_Task objective_: Among the lines of data below, reproduce only those from the one with "Princess Cut (5.5" through the one with "Tipovi i karatkeristike", exactly as they stand, both ends included.

_Input data_:
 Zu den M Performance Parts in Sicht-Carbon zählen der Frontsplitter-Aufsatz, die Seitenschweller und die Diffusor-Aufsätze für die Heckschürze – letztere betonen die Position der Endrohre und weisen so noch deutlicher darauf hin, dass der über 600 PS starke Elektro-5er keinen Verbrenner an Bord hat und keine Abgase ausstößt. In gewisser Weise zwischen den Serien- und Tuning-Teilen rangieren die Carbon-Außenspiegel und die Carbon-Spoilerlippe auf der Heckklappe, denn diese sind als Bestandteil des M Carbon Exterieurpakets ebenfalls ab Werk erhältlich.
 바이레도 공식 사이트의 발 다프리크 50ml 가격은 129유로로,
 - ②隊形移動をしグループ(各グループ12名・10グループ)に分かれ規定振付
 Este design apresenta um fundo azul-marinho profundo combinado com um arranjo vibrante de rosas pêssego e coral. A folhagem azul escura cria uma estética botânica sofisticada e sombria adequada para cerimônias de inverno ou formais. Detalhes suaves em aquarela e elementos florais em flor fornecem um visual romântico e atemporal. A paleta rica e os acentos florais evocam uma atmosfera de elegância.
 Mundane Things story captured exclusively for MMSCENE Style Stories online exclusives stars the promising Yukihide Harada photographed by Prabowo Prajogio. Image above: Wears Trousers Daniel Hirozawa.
--
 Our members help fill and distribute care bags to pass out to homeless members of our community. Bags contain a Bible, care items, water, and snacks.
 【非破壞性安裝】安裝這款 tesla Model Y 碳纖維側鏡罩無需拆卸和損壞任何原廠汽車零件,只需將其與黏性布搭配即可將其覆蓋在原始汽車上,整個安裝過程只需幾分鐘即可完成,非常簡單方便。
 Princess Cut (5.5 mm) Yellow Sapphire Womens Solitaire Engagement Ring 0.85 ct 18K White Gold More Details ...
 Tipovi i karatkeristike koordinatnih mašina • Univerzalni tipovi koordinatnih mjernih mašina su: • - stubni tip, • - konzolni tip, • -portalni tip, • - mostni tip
==
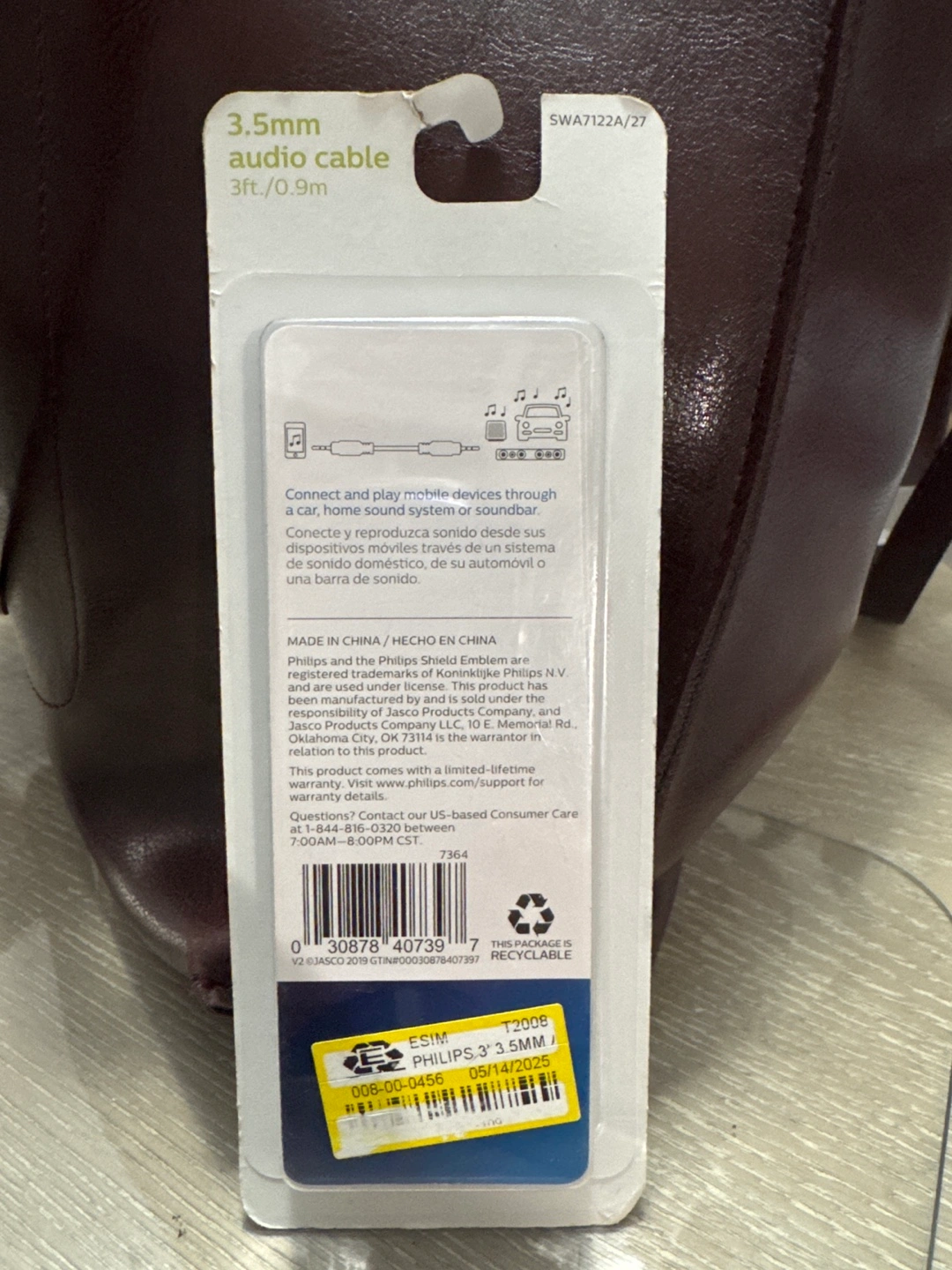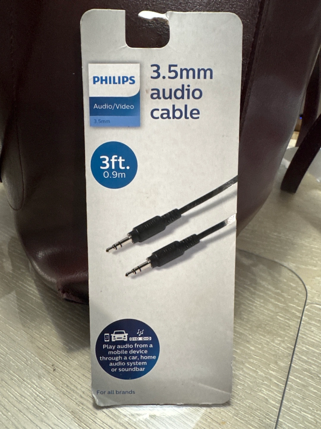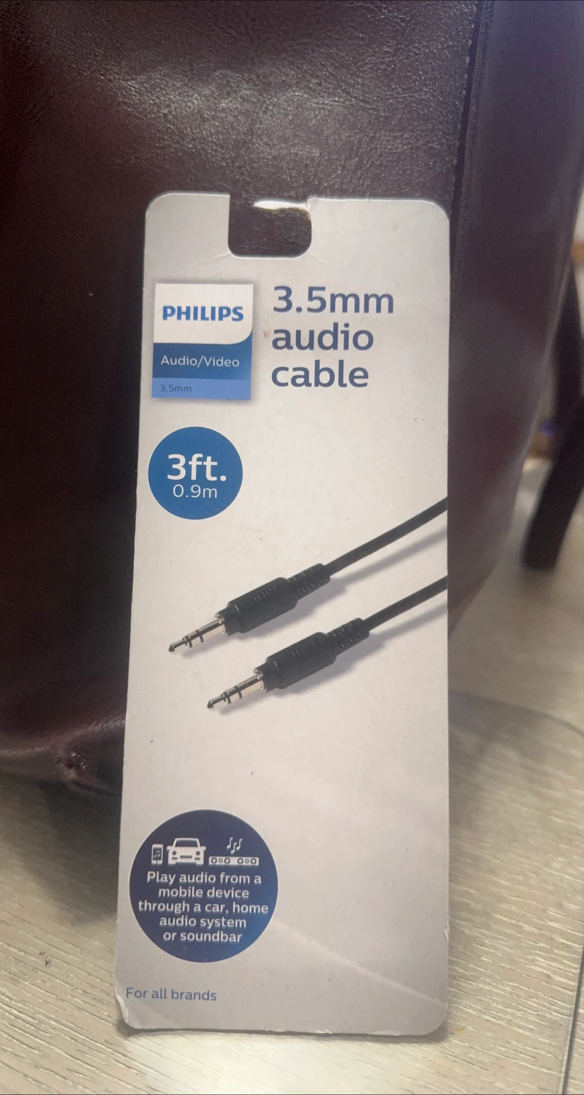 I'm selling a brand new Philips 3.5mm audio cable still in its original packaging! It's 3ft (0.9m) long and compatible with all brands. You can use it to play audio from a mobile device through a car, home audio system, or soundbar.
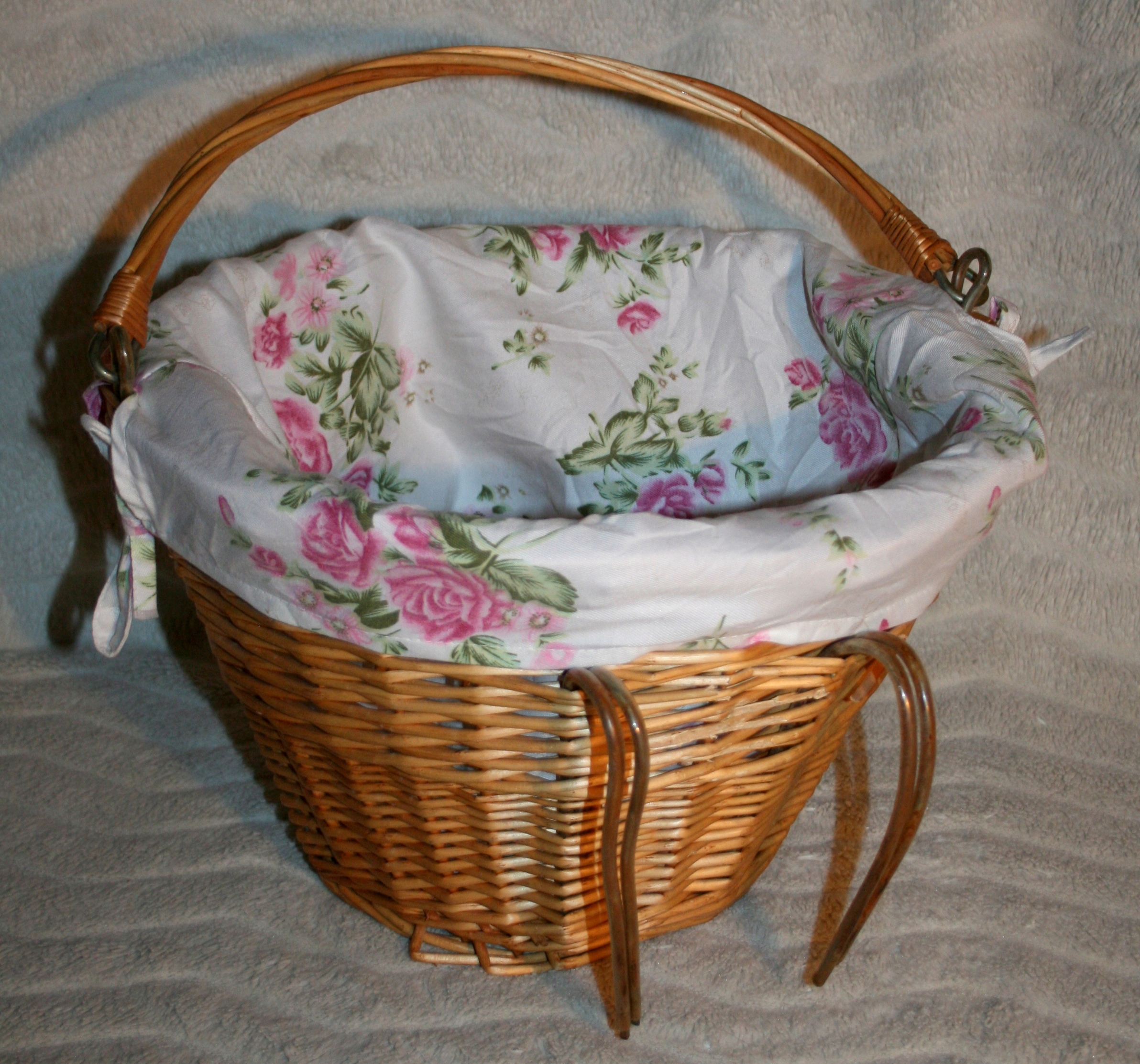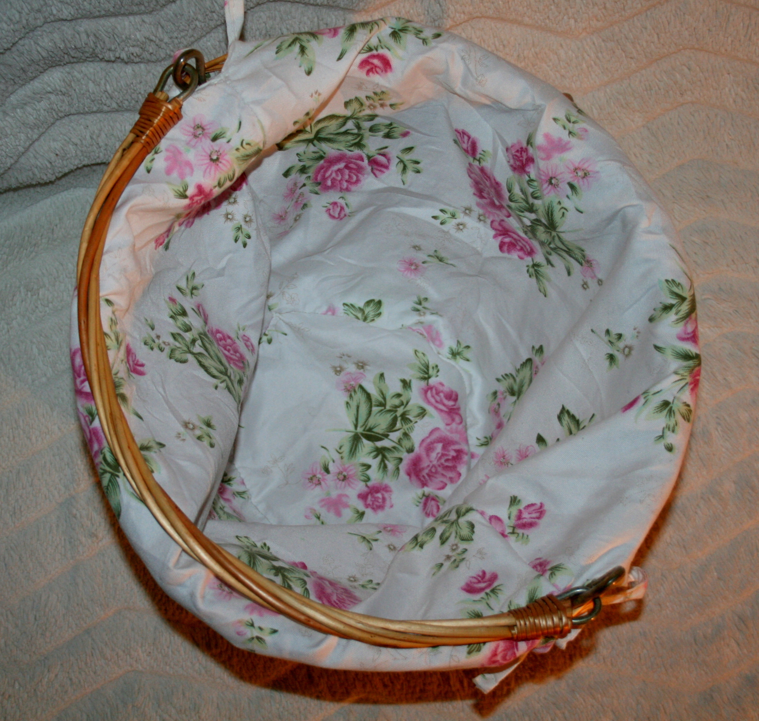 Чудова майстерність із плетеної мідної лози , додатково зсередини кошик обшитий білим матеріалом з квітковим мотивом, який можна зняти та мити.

_Result of the task_:
 Princess Cut (5.5 mm) Yellow Sapphire Womens Solitaire Engagement Ring 0.85 ct 18K White Gold More Details ...
 Tipovi i karatkeristike koordinatnih mašina • Univerzalni tipovi koordinatnih mjernih mašina su: • - stubni tip, • - konzolni tip, • -portalni tip, • - mostni tip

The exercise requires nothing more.